JFK+50: Volume 5, No. 1927
JFK CONFERS WITH IKE AFTER BAY OF PIGSCamp David, Maryland (JFK+50) Fifty-five years ago today, Saturday, April 22, 1961, President John F. Kennedy met with former President Dwight D. Eisenhower here at Camp David*, Maryland.
The morning meeting took place at Aspen Cottage. Jim Rasenberger describes it as being "like a trip to the woodshed" for the young president.
Eisenhower wanted to know if JFK had "made sure to air all opposing views in his meetings" prior to the invasion. Kennedy had to admit he had simply taken the advice of the CIA and Joint Chiefs of Staff.
Ike, sounding like a General who had experience planning invasions, asked why JFK had called off the second bombing mission. The young president answered "to keep our hands from showing." Mr. Eisenhower replied...
"How could you expect the world to believe that we had nothing to do with it?"
After their lunch had been taken, the two POTUS walked around the grounds for a quarter of an hour. Before he boarded a helicopter to return to his home at Gettysburg, the General said to reporters...
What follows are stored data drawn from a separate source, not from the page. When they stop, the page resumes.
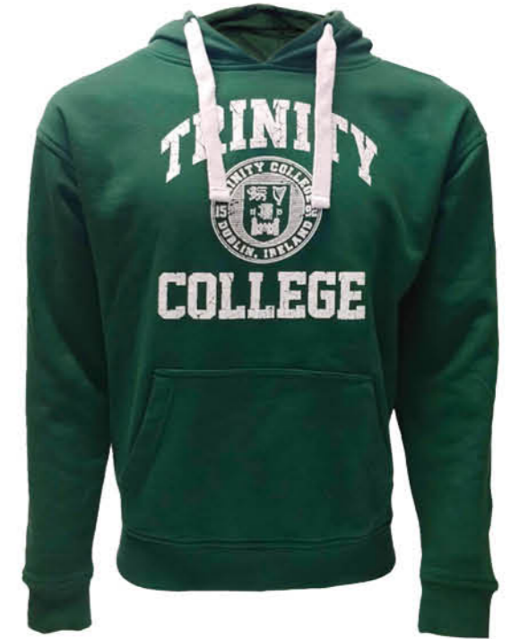
TRIN5016 BOTTLE TRINITY COLLEGE CREST HOODIE (XS,S,M,L,XL,XXL)
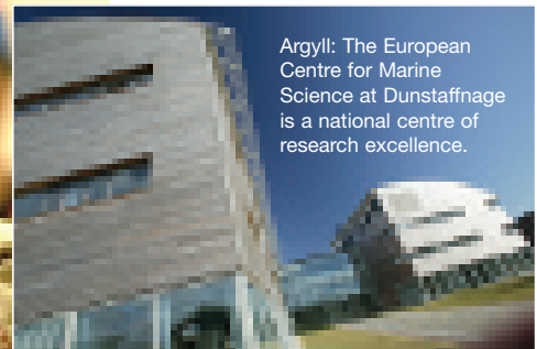
Argyll: The European Centre for Marine Science at Dunstaffnage is a national centre of research excellence.

Over the last year, the HIE network has once again shown dedicated constancy in its willingness to change. Technological advances have influenced economies, cultures and politics across the globe at an unprecedented speed over the last 10 years. As national boundaries are being leapfrogged by everything from climate change to free markets to world music, it is becoming increasingly important for regions to establish their stake in this competitive environment.
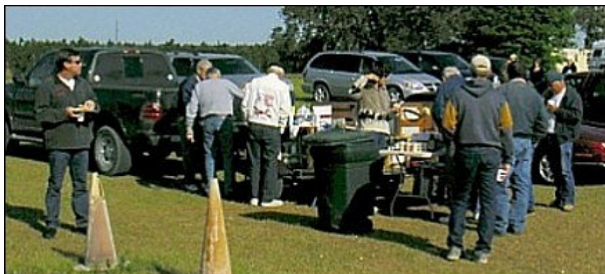
The EAA 534 crew hard at work (?) and some of the earlier of the myriad well-satisfied customers

MAY- EAA 534 will try to hold another Pancake Breakfast at Mid-Florida Airport at Eustis. Details to be finalized.
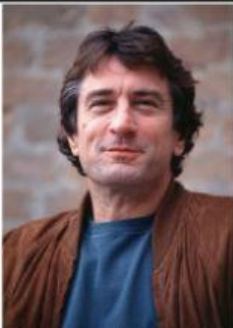
Robert De Niro
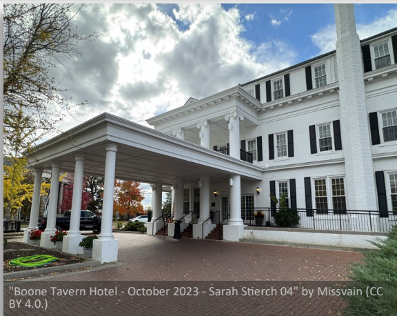
"Boone Tavern Hotel - October 2023 - Sarah Stierch 04" by Missvain (CC BY 4.0.)

Tour Cost Per Person: DOUBLE: $1,362 SINGLE: $1,642 TRIPLE: $1,272 QUAD: $1,222
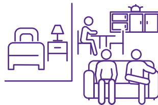
An integrated youth foyer, with up to 20 independent units and communal living spaces
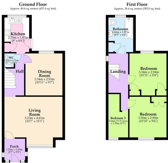
Total area: approx. 77.1 sq. metres (829.4 sq. feet)

"I am all in favor of the United States supporting the man who has to carry the responsibility for our foreign affairs."
In the privacy of his Journal, however, Ike was more than candid about his impressions. He wrote that "the story of the invasion was 'a very dreary account of mismanagement, indecision and timidity at the wrong time.'"
Jim Rasenberger, however, argues that it was President Dwight D. Eisenhower who approved the CIA's "Program of Covert Action" on March 17, 1960 and when the former president learned that his former security adviser, Gordon Gray**, had in his possession "review notes" of that meeting, Mr. Eisenhower had no choice acknowledge this fact. Ike insisted, however, that while he gave his approval, there was no "military planning" done at that meeting.
*Camp David is located 62 miles NW of Washington, D.C. in Frederick County, MD. Built by the WPA in the mid 1930s, it was converted into a presidential retreat by FDR. He named it Shangri-La. The name was changed by President Eisenhower who renamed it after his father & grandson.
**Gordon Gray (1909-1982) was born in Baltimore, MD & graduated from the University of North Carolina in 1930 & Yale Law School in 1933. GG served in the US Army in WWII & was appointed head of the Office of Defense Mobilization by President Eisenhower & later National Security Adviser. GG served on the President's Foreign Intelligence Advisory Board under JFK, LBJ, RN & GF.
SOURCE
"Brilliant Disaster: JFK, Castro and America's Doomed Invasion of Cuba's Bay of Pigs," by Jim Rasenberger, Scribner, New York, 2011.